Study material:
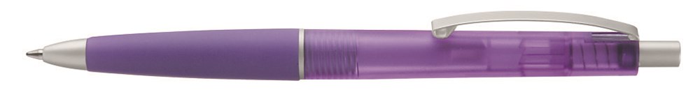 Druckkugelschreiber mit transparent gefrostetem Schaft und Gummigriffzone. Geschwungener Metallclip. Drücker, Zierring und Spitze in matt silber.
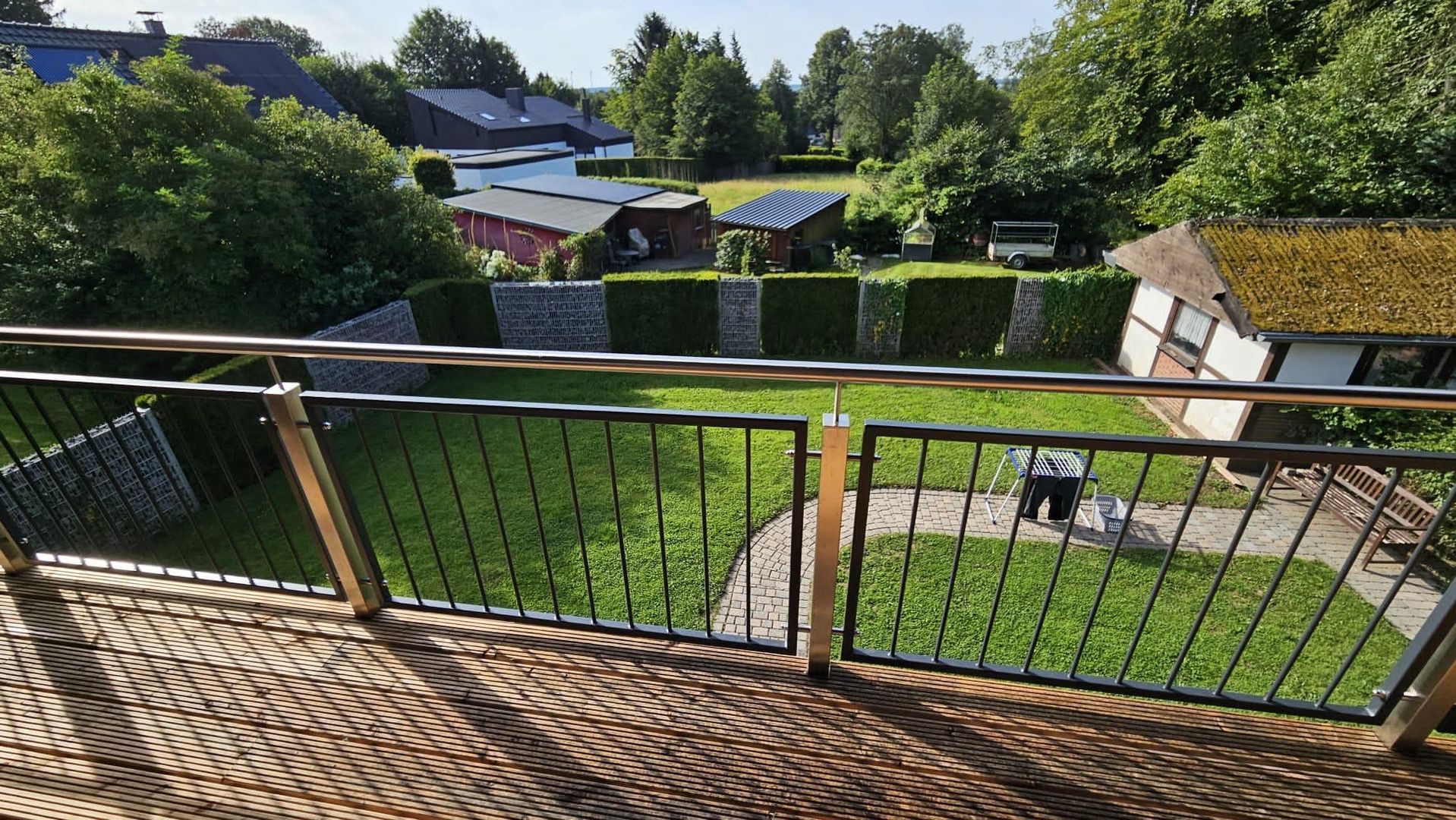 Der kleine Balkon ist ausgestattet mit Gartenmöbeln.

---

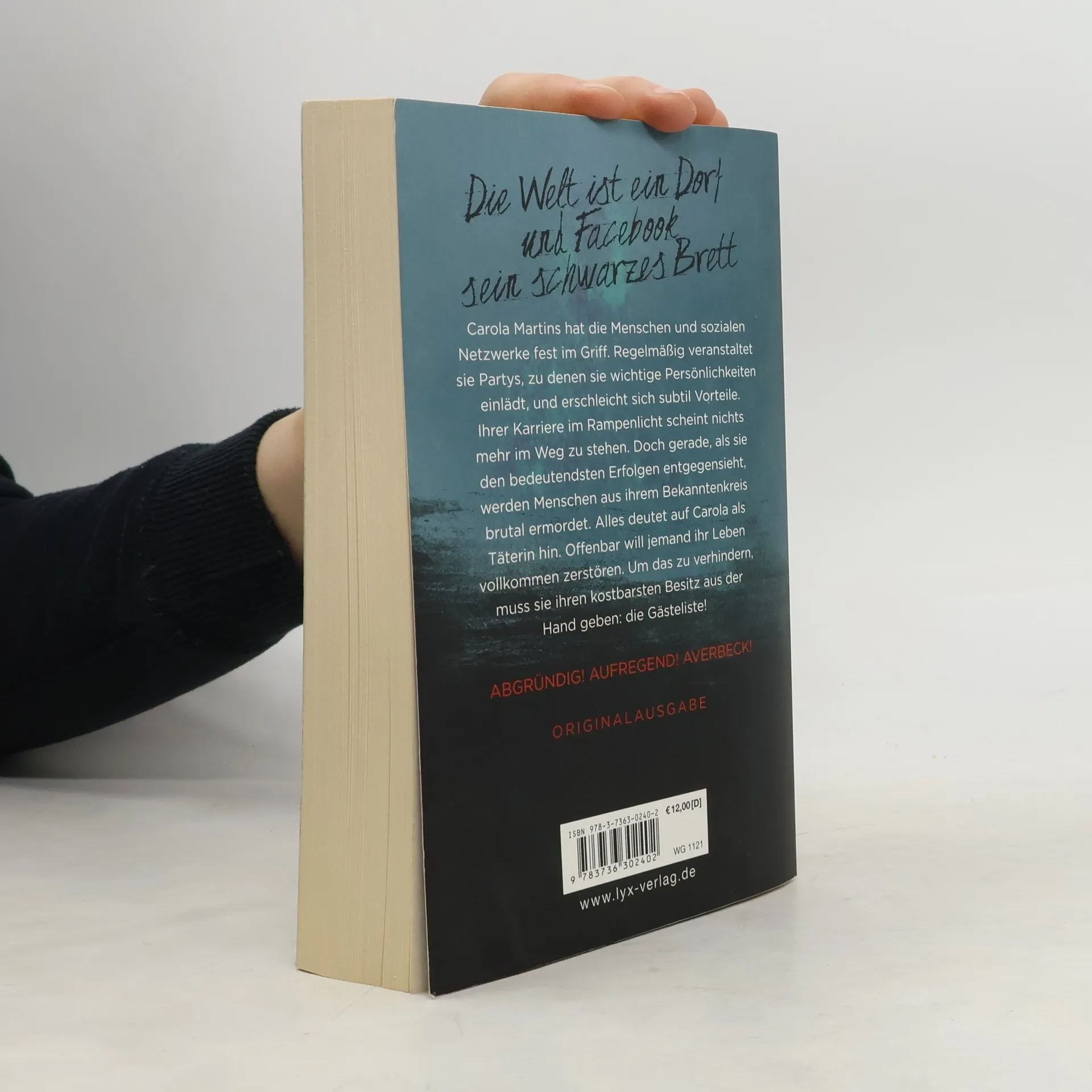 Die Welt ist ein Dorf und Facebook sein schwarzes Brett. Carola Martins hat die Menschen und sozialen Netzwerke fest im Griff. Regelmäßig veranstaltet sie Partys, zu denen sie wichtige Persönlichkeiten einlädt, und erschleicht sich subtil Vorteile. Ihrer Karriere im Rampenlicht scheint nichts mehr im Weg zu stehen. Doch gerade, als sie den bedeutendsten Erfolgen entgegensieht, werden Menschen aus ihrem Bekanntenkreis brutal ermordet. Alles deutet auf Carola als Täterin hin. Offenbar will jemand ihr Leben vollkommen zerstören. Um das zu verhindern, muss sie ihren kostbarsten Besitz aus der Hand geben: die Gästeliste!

---

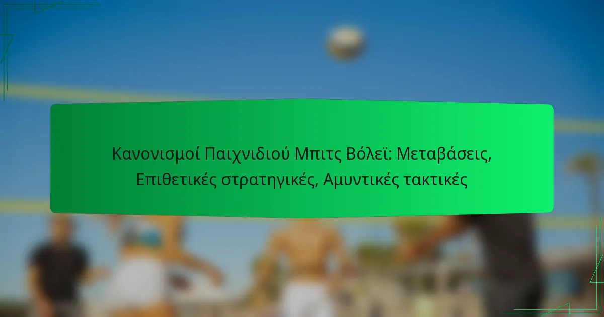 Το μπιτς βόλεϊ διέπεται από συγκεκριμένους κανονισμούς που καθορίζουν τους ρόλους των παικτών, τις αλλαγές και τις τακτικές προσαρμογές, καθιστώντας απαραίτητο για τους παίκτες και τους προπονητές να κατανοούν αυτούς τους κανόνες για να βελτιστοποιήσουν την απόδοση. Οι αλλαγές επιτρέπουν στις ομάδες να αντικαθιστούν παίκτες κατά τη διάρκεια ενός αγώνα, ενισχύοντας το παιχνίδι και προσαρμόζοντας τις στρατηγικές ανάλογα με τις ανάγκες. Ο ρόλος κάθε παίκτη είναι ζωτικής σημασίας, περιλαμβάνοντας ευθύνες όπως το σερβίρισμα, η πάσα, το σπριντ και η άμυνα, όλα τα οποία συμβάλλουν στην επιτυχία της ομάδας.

Work to be completed:
Copy only what lies between the line with "Druckkugelschreiber mit transparent" and the line with "Der kleine Balkon", those two lines included, exactly as given above; pictures stay out.

Exercise response:
 Druckkugelschreiber mit transparent gefrostetem Schaft und Gummigriffzone. Geschwungener Metallclip. Drücker, Zierring und Spitze in matt silber.
 Der kleine Balkon ist ausgestattet mit Gartenmöbeln.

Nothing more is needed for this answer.